Floating Points – Crush


I’ll be honest, I had never really enjoyed Floating Points’ music. Sam Shepard has seemed like a really cool guy, with a really cool taste in dance and jazz music, but something about his music seemed, too clinical maybe. On Crush, Shepard seems to have broken himself out of that sterile sound by messing around with a Buchla modular synthesizer. Developed by inventor Don Buchla in the 60’s, the Buchla doesn’t have the standard piano keyboard that most synths have, instead, musicians turn knobs and plug patch chords into the Buchla to generate an electronic musical signal. Buchla’s are notoriously hard to recreate sounds with, instead, musicians almost have to improvise with the instrument itself in order to play it.

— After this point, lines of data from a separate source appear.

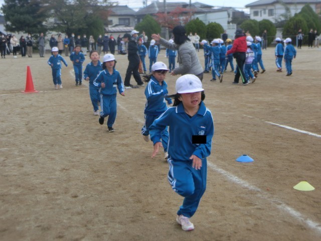 1年生「ゆうきりんりん」 まるで 冬?のような寒空のもと、持久走記録会を行いました。 「この寒さは、みんなのパワーを引き出してくれるもの、この冷たい風は、みんなを後押ししてくれるもの!」 と先生と保護者の皆様からの応援を受け、寒さに負けず600m走った1年生! 「負けないぞ!」と必死で真剣な表情がたくさん見られました。 冷たい風に負けず、最後まで頑張って走り切った子どもたち、また一つ成長しました。 寒い中、温かい声援と拍手を送ってくださった保護者の皆様、ありがとうございました。 +7
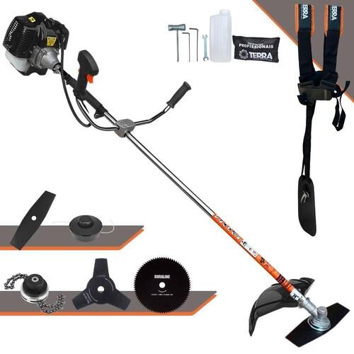 Roçadeira Profissional Lateral Terra GRH-520 Black À Gasolina 2 Tempos 52cc 2,5HP + Faca 3 Pontas 255mm 2,9mm + Faca 80 Dentes 255mm 1,5mm + Trimmer
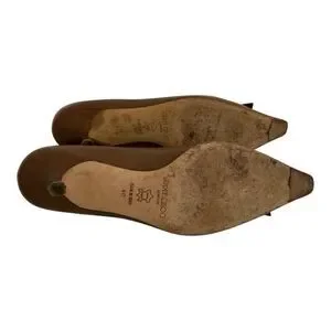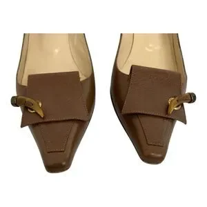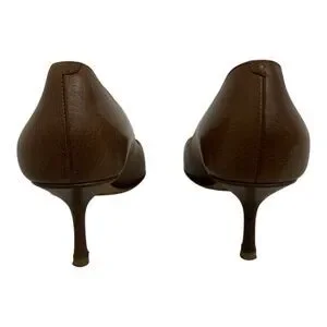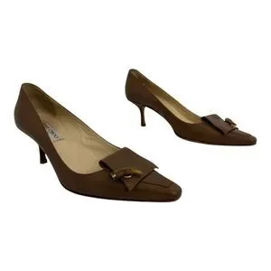 Jimmy Choo London Brown Leather Pointed Toe Pumps Kitten Heel Italy Size 40 US 9

Buchla designed the instrument to free musicians from the confines of the Western piano keyboard so that they could develop a new sound, and a new, improvisatory, electronic, style of music. Buchla masters like Suzanne Ciani, Kaitlyn Aurelia Smith, and Bob Ostertag did just that, making music that veered between real noise and surreal beauty, music impossible to think of inside the confines of a keyboard. On Crush, Shepard takes some inspiration from those Buchla masters, but combines the unwieldly raggedy noise of the Buchla with his own classical sense of symphonic harmony on the beautiful opener “Falaise,” and on a lot of tracks like “Bias,” with the drum and bass style drums of his experience as a dance music producer. Other parts like “Apoptose, Pt.2” sounds like if John Cage made electronic music with the I Ching. It’s the sound of a producer finding themselves in chaos, and making it work.


Bastiengoat – 1421 Vol. 2


The Earth moves, the sun rises, and Oakland’s Bastiengoat puts out yet another solidly enjoyable footwork EP on Soundcloud. These things just happen. Bastiengoat makes hyperkinetic, almost bubblegum, footwork, often a little faster than the traditional Teklife stuff, with a lot more influences from club and bass music, but still completely not corny. Just take a listen to the EP’s centerpiece, “Separate Image,” which starts as a drum and bass rager, then slows down to let the sweetest jazz chords ring out, then goes back to drum and bass madness, only to end with a banging footwork drum pattern. I’m sure Bastiengoat already has some more heat ready to go for next month.      


HTRK – Over the Rainbow


Made as a soundtrack for an impossible to find documentary of the same name about Scientology, Over the Rainbow loses the Cocteau Twins style floating vocals of HTRK’s [pronounced ‘Hate Rock’] Jonnine Standish and most of the Gothboiclique like style strumming guitars of their earlier work, and burrows down into the perverse optimism of their sound with glugging bass-ey synths accented with bright ambient keys and what sounds like modulated found bird sounds, or a dusty modular synth that sounds like bird sounds. With the best of HTRK’s music, a shroud of sonic gloom covers splotches of light in their sound, on Over the Rainbow that vibe fits perfectly with the theme of Scientology, and someone trying to find reprieve from their troubles in religion, and possibly finding only darkness.